Kimmie Young


In April 2021, I got sick with diverticulitis, perforated colon and abscess the size of a golf ball on my colon. (Sepsis and Perforated Bowel) I spent multiple weeks in the hospital at various times in 2021. In July of 2021, I had my 1st surgery to remove the damaged colon tissue. When I awoke, I had a temporary loop ostomy on the right side of my abdomen. On November 1st, 2021, I went for a 2nd surgery to have the temporary loop ostomy reversed. There were some complications and I ended up with a left side ileostomy. The right one was gone.

As I was recovering in the hospital, approximately 7 days later, my vitals dropped suddenly, and I was rushed into emergency surgery. I had sepsis and I went into septic shock. (Sepsis and Septic Shock) After my surgery, I was placed in a medically induced coma. Three days later, my vitals severely dropped again, and I was rushed into surgery for a 2nd time. I remained in the hospital for 2 months. I was in a coma for one of those months. When I awoke, I had no idea what had happened. All I knew is that I was on life support and every machine imaginable was keeping me alive. I could not speak or move.

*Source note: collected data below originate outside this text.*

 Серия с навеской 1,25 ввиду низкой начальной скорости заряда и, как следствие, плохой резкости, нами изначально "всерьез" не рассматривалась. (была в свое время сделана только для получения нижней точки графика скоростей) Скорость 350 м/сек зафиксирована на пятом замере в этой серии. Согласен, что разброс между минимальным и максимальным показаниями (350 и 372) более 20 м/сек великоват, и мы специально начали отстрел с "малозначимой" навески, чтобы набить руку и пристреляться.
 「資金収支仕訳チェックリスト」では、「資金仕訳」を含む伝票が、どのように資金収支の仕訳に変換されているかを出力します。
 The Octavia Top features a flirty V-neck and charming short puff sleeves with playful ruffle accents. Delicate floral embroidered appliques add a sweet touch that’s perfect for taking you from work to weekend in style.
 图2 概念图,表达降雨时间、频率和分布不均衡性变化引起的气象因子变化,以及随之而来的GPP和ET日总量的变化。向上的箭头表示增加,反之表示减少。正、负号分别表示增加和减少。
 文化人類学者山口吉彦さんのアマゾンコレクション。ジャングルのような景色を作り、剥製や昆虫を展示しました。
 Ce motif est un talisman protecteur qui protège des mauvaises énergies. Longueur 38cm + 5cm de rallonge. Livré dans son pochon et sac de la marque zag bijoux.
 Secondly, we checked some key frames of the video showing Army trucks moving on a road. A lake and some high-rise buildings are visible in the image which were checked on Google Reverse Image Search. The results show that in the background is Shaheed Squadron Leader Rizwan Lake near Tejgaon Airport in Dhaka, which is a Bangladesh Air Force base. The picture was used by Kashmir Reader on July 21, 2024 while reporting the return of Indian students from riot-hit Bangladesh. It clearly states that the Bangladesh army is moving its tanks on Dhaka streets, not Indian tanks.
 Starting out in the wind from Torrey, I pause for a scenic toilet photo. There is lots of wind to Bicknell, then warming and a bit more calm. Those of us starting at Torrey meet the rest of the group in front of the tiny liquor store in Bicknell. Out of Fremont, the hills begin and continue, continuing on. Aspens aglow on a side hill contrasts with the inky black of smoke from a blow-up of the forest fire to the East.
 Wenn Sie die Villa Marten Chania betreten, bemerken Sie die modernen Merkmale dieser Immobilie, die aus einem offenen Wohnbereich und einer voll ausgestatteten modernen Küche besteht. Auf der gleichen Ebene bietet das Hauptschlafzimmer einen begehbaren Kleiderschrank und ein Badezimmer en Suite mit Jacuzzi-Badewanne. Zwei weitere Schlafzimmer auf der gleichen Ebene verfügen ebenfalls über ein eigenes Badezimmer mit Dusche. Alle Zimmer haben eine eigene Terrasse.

It took six plus months for just the incisions to heal on my abdomen. They were extensive. As soon as I got home, I had home healthcare come in 2-3 days a week for 2 months to change my bandages, take my vitals, and get updates. Since my discharge from the hospital (12/30/2021), the doctor visits to specialists have been endless, and expensive. Fast forward to today, 8/26/2023… I have since been diagnosed with the following: stage 3 chronic kidney disease, liver disease – NASH with fibrosis, vitamin D deficiency, anemia, carrier of the HFE hemochromatosis gene C282Y, chronic inflammation, sacroiliac osteoarthritis, insomnia, PTSD, anxiety, tremors, cognitive deficiencies, just to name a few. I am also not done with testing.

I am having breathing issues that may be due to my lungs collapsing when I was in septic shock. I struggle with pain every day and I am still searching for answers for all my symptoms. The hardest part for me is accepting who I am and my limitations as my “new normal”. This is not only my struggle, it has also been a struggle for my family. They have had to go through every ache, every pain, every step, and adjusting to the new challenges I face on a daily basis. I am thankful to Sepsis Alliance for the awareness, support, and educating survivors, families and the general public. Because of this organization, I have been able to get resources, advocate sepsis awareness with family and friends, as well as educating my own primary care provider. My doctor is a hero to me because she read, acknowledged and thanked me for sending her the letter that Sepsis Alliance provides for healthcare professionals. She continues to support me, as well as encourages me to be aggressive with my healthcare.

I had heard of sepsis prior to becoming a victim to it. However, I had no idea how deadly and destructive this illness can be. When I left the hospital, I was prepared to make a full recovery. I was prepared to live the rest of my life with a permanent ostomy and get stronger every day. What I was not prepared for were the permanent and debilitating new diseases that I now have to live with the rest of my life, however many years I have left. There was no conversation, no proceed with caution, nothing when I was discharged from the hospital. I was embarking on a very hard and difficult road and I had no idea that my work had just begun. What I thought was a road to recovery, turned out to be a difficult journey with new illness’. I wish I had been more prepared. I feel I was released from the hospital with blinders on. I truly believe that hospitals should include Sepsis Alliance pamphlets in the discharge paperwork to patients that have suffered from sepsis and septic ahock.

I found Sepsis Alliance because I was searching for answers for the new symptoms I was experiencing. My recovery was not happening as it should. I am resourceful, but not everyone is. I got lucky when I found them. I now know. I am NOT ALONE and sepsis & septic shock leaves some of us with residuals to live with the rest of our lives.

I have had some very frightening thoughts and dark days… At first, no one truly understood, as hard as they tried, they just did not get it. Now they do. I have gotten help, I am medicated, and I AM GRATEFUL TO BE ALIVE AND TELL MY STORY. I have full support from my family, friends, doctors, and Sepsis Alliance.